И вот, когда мне исполнилось семнадцать лет, я подала документы в Звездную Академию. Без каких либо проблем прошла медицину, физическую подготовку, сдала вступительные экзамены, написала все тесты, и оказалась зачислена… стюардессой.
Как я рыдала тогда! Два дня отказывалась есть, и выходить из своей комнаты. Мама убеждала меня, что быть стюардессой в космофлоте, это предел мечтаний миллионов девушек. Конкурс внушительный, более двухсот человек на место. С моими внешними данными, быть стюардессой это просто судьба.
Да плевать я хотела на свои данные! Ну да, высокая, симпатичная, ноги от ушей, кровь с молоком. Грудь вот только немного подкачала, второй размер всего. Но разве внешность в человеке главное? Я мечтала стать пилотом! Как вы не понимаете, ведь пилот, это самый главный человек на корабле, он даже важнее капитана. Капитан, что? Он решает все организационные вопросы. Куда доставить груз, как правильно разместить в трюме, согласовывает бумаги, разрешения, лицензии, решает конфликты внутри экипажа. А пилот? Пилот! Ведет! Корабль!

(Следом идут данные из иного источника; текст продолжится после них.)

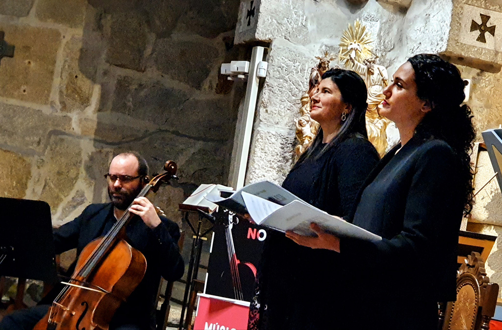 O espectáculo que ofreceu a formación Ars Sacra Ensemble baseouse na interpretación dun ‘Stabat Mater’. Trátase dun dos poemas relixiosos máis musicados ao longo da historia da música, e nel nárrase o sufrimento de María, nai de Xesús, durante a crucifixión. Grazas á súa conversión en peza musical, a música acompaña e expande, de maneira maxistral, a crueza dun momento clave na historia da humanidade. Ars Sacra Ensemble é unha formación que naceu do puro pracer de reencontrarse para facer música. Todas as persoas integrantes deste grupo son galegas e, antes de coincidir de novo en Galicia, fixérono nalgún momento na cidade portuguesa do Porto. Este conxunto está composto por Débora Valuja (clavecinista, de Poio), Fernando Santiago (cello, de Bueu), Sonia Bouzada (mezzosoprano pontevedresa) e Rosana Domínguez (soprano, de Meaño) e a súa especialidade é a interpretación de música sacra antiga.
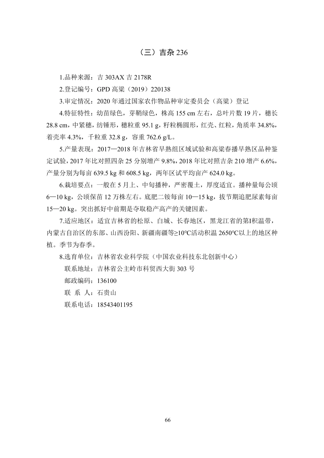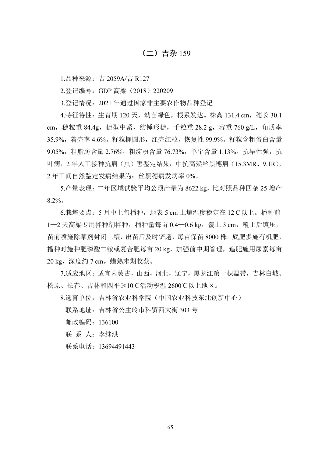 高粱(3 个):吉杂 320、吉杂 159、吉杂 236。
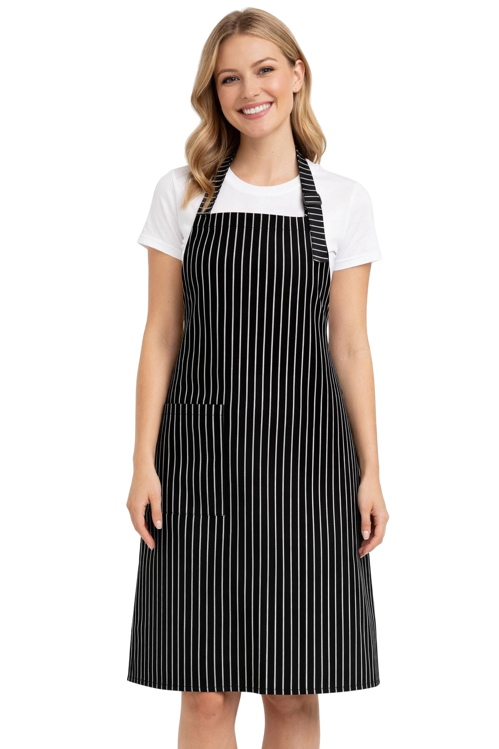 Mustavalkoisten raitojen gastronominen esiliina on tyylikäs ja käytännöllinen vaatekappale HoReCa-alan henkilökunnalle. Se on hyvä valinta tarjoilijoille, baarimikoille, baristoille, busboyille ja keittiöpäälliköille - kaikkialla siellä, missä ammattimainen ulkonäkö ja mukavuus ovat tärkeitä.
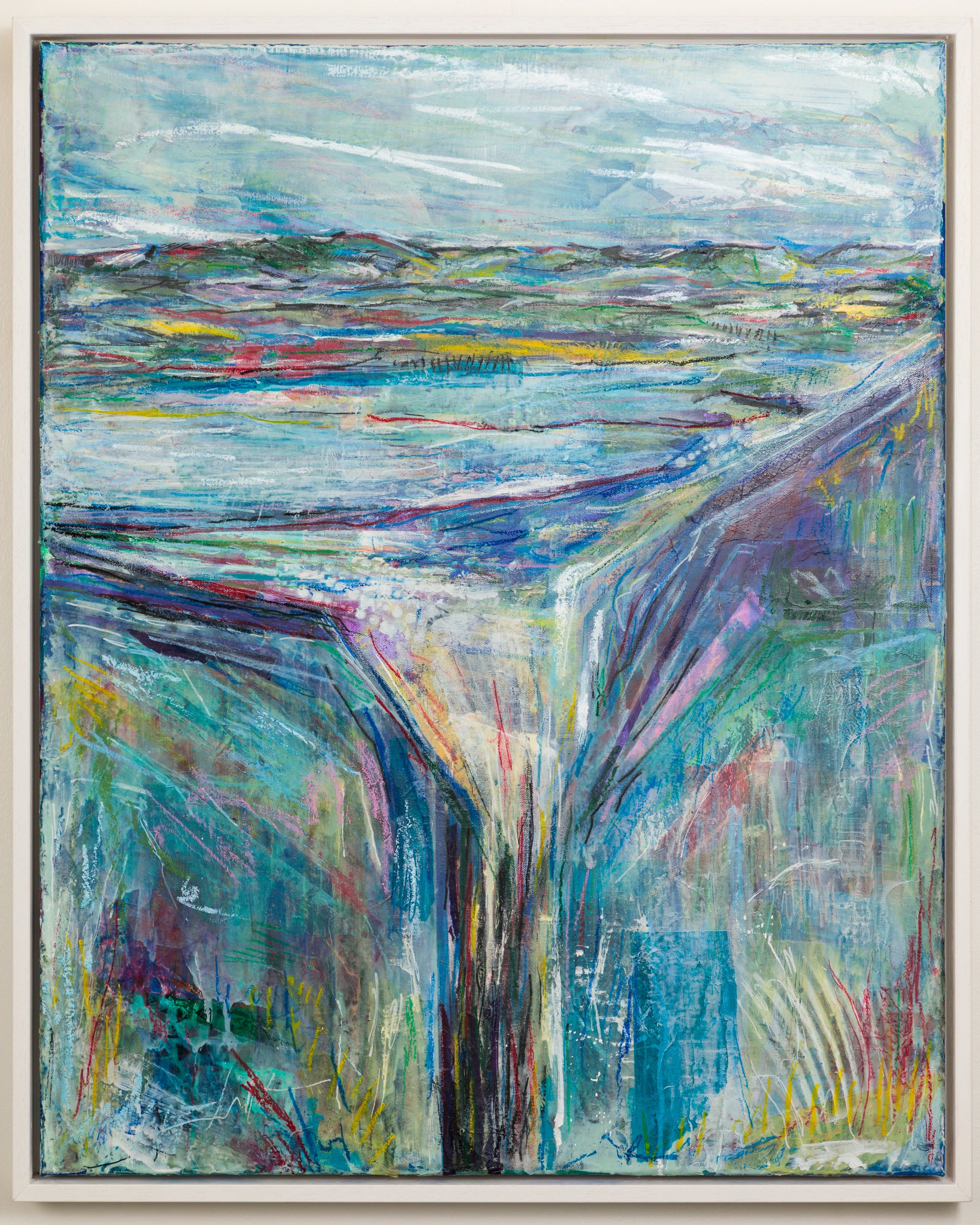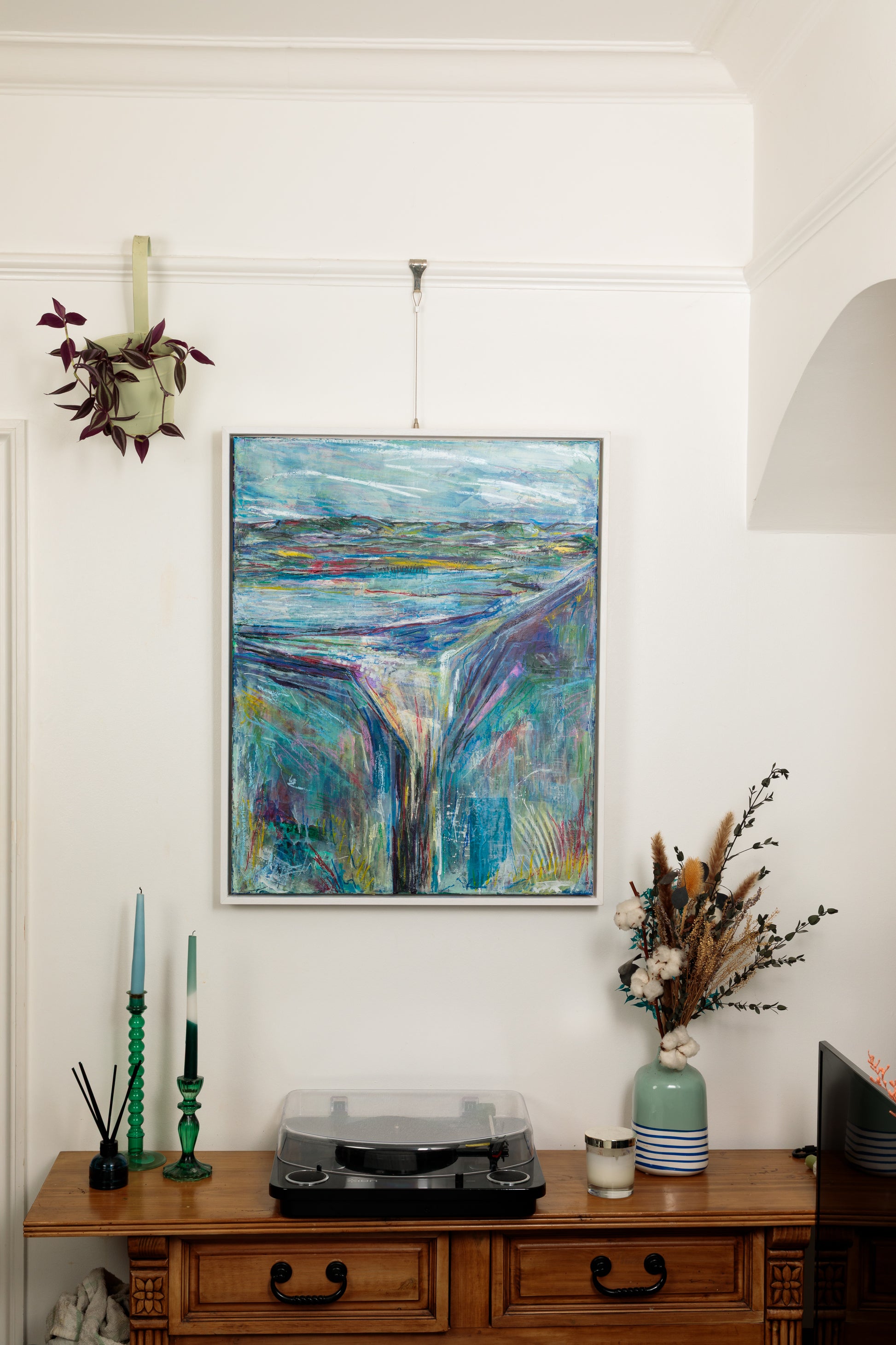 This piece balances a strong sense of cascading movement with a calmer, grounding horizon. It evokes the presence of a waterfall or landscape without resorting to literal depiction. The central cascade form anchors the composition, while the cohesive palette creates harmony across the surface. The dialogue between energy and stillness makes this work accessible to collectors while retaining conceptual depth, a meditation on fearlessness through balance.

А что стюардесса? Следит, чтобы пассажирам было удобно, приносит чай или минеральную воду и вызывает врача, если кому-то стало плохо от перегрузок.
Я не хочу быть стюардессой! Я! Хочу! Быть! Пилотом!
Прорыдав два дня, и как следует взвесив все за и против, я решила, что стюардесса это все-таки лучше, чем ничего. Я буду летать! Пусть в салоне, с напитками в руках, вместо штурвала. Но я что-нибудь обязательно придумаю, чтобы стать пилотом. Я не отступлю!
Прошло пять лет учебы. Ох, я вам скажу, быть курсантом Звездной Академии оказалось очень несладко. Вы думаете, что меня пять лет учили напитки разносить? А вот и не угадали.
Звездная Академия — это полувоенная организация. Жесточайшая дисциплина. Невероятные физические нагрузки. Углубленное обучение профессиям. Вы думаете, что на космическом корабле у каждого только одна профессия? Вы ошибаетесь! Каждый член экипажа вынужден совмещать минимум пять — шесть штатных должностей, и владеть еще десятком на случай форс-мажорных обстоятельств. Иными словами, любой космолетчик может заменить своего товарища по экипажу. Доктор может заменить пилота, а радиоинженер, при необходимости, сможет приготовить обед. Так что нас учили сразу всем профессиям одновременно.
Эх, чего мы только не изучали! Астронавигацию, космогеологию, космобиологию, робототехнику, жизнеобеспечение, медицину, фармакологию, акушерское дело, психологию, этику, кулинарию, делопроизводство, археологию, промышленный альпинизм, программирование и многое другое. И это не считая физики, химии, математики, биологии, но с практическим уклоном, для работы в космосе. Например, как получить пригодную для дыхания атмосферу, с помощью имеющихся в наличии приборов и материалов. Каким образом получить воду. Или как сделать хирургическую операцию, не имея под рукой медицинских инструментов.
Конечно, было и пилотирование. Мы учились управлять всем, что движется, — орбитальными станциями, космопланами, ракетолетами, катерами, челноками, спасательными капсулами, летающими разведчиками, грузовыми платформами, роботами погрузчиками и просто самодвижущимися скафандрами высшей защиты. Учились прокладывать курс, программировать бортовой компьютер, пользоваться радиотелескопом, измерять расстояние до ближайших звезд, менять неисправные узлы любой техники и электроники, и даже владеть оружием.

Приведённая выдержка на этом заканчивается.